Review: Ourson – Collected Natures III: Lo-Fi Recordings of Personal Space (Psøma Psi Phi, Jan 29)

Listening to field recordings isn’t just about experiencing the sounds of places you may never visit. When captured well, the intangible energy of an environment or space is palpable in a recording, and this is especially the case when the places that are being represented are of particular significance to the phonographer. Whether or not every single extract on Collected Natures III represents a space that holds personal importance for Luke Hazard, also known as Ourson, is unclear, but it certainly feels that way. The set spans over three hours and is split into as many discs, titled “Home,” “Away,” and “Night,” respectively, and each piece is dominated by the calming hiss of a low fidelity analog recording, making even the most invasive noises, such as the whizzing by of cars or the grumble of an airplane engine, adopt much more calming visages.

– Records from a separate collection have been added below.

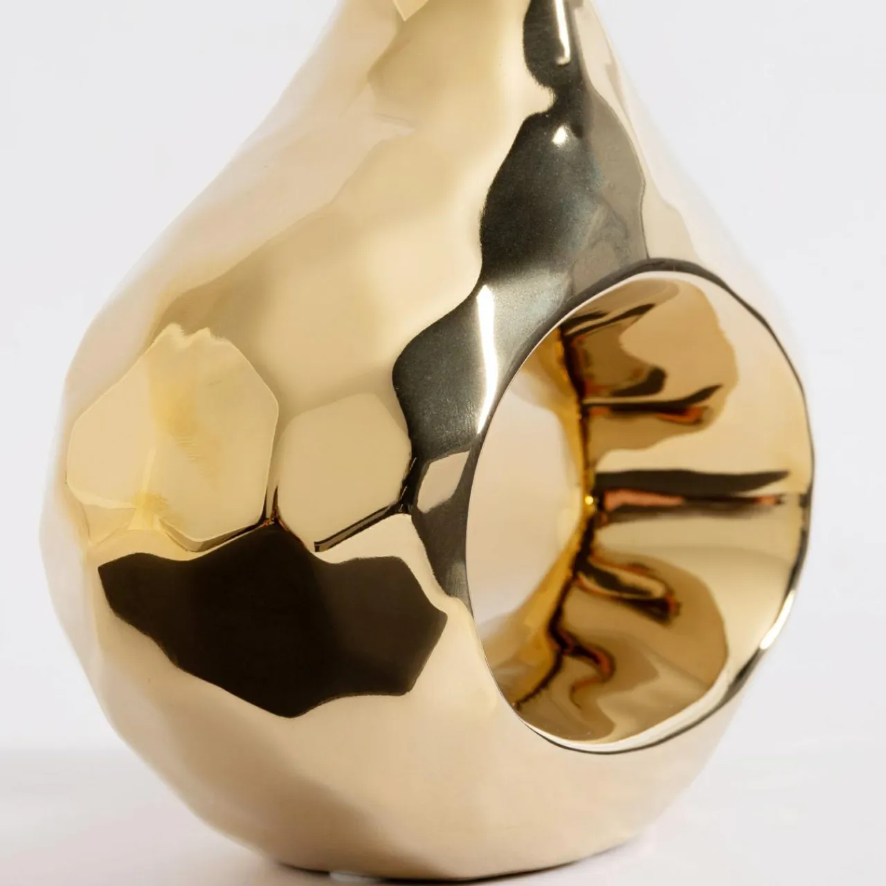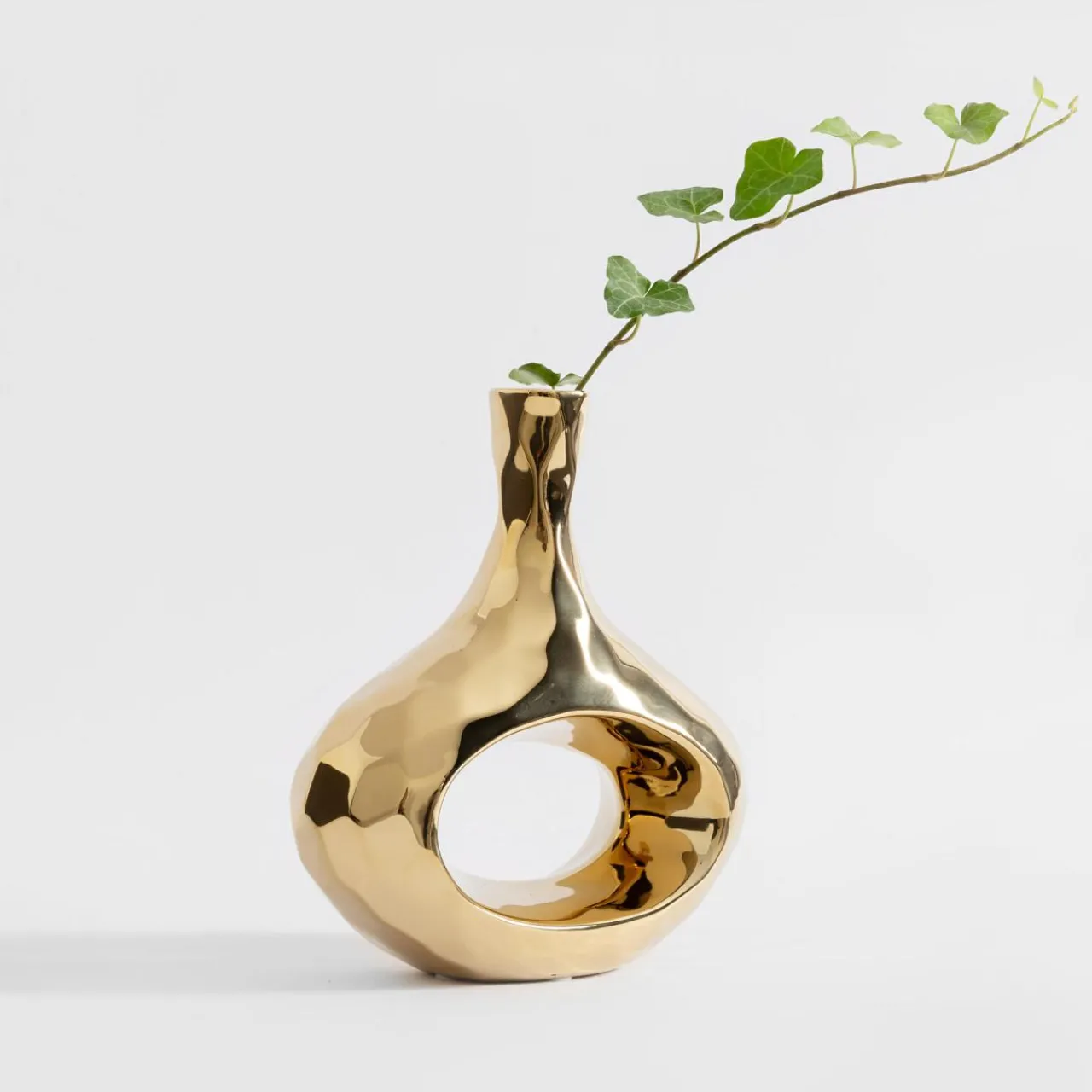 Wazon z dziurą pokochają wszyscy miłośnicy nowoczesnego designu. Wysoki na 20 cm o złotym wykończeniu odnajdzie się w aranżacjach typu glamour i nowoczesnych. Ustawiony na stole w jadalni lub komodzie w salonie stanie się centralnym punktem aranżacji.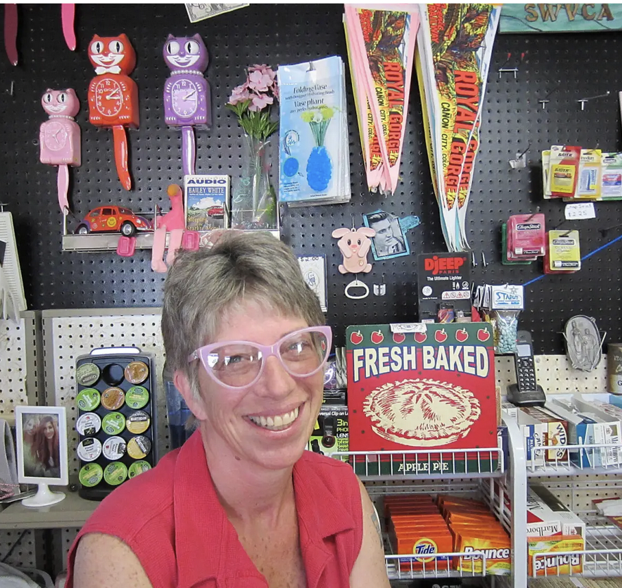 Sylvia Davids smiles from behind the campstore counter, framed by Kit-Kat clocks with swinging tails and swiveling eyes, Chapstick, packets of laundry detergent, a photo of Elvis, and a sign that reads “FRESH COFFEE ANYTIME.” She wears bright pink cat’s eye glasses and a smile. It’s rare to find someone so much in her element, living the dream.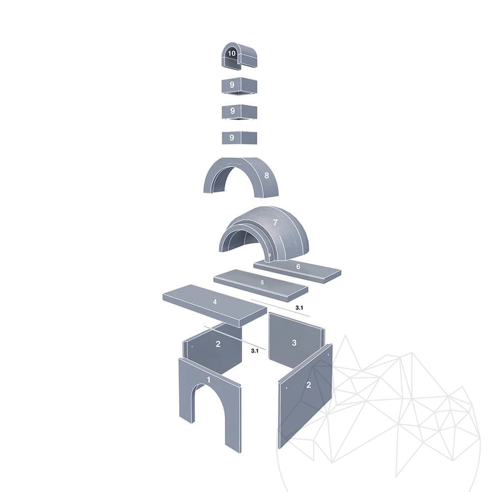 Installationsanleitung: Der Ofen wird auf einer stabilen, ebenen und festen Plattform installiert und die einzelnen Komponenten werden in der in der Anleitung dargestellten Reihenfolge mit einem Zementkleber zusammengefixt. Wenn Sie die Komponenten innerhalb und um die Kuppel herum montieren, wählen Sie einen hitzebeständigen Klebstoff. Für eine gute Haftung stellen Sie sicher, dass die Teile gut bewässert sind; Reinigen Sie nach dem Verbinden alle Oberflächen. Der Ofen ist nach dem Austrocknen des Klebstoffs einsatzbereit, was je nach Jahreszeit zwischen 3 und 5 Stunden dauert.

Especially in the third disc, the tracks are very quiet, forcing a meditative level of focus on behalf of the listener not unlike Jürg Frey’s lowercase masterpiece Weites Land, Tiefe Zeit: Räume 1-8 (which I wrote about here). Hazard himself is also often present in the background of his captured soundscapes, and some of the most quietly impactful moments of Collected Natures III come at the end of a track when we hear him walking up to stop the recording, like on “Wind, Uninterrupted,” which is ironically interrupted by what sounds like the sliding of a screen door and clunking footsteps. Not only is each soundscape gorgeous on its own, but Hazard ensures that each one is contained within its own world, that each one is an established space.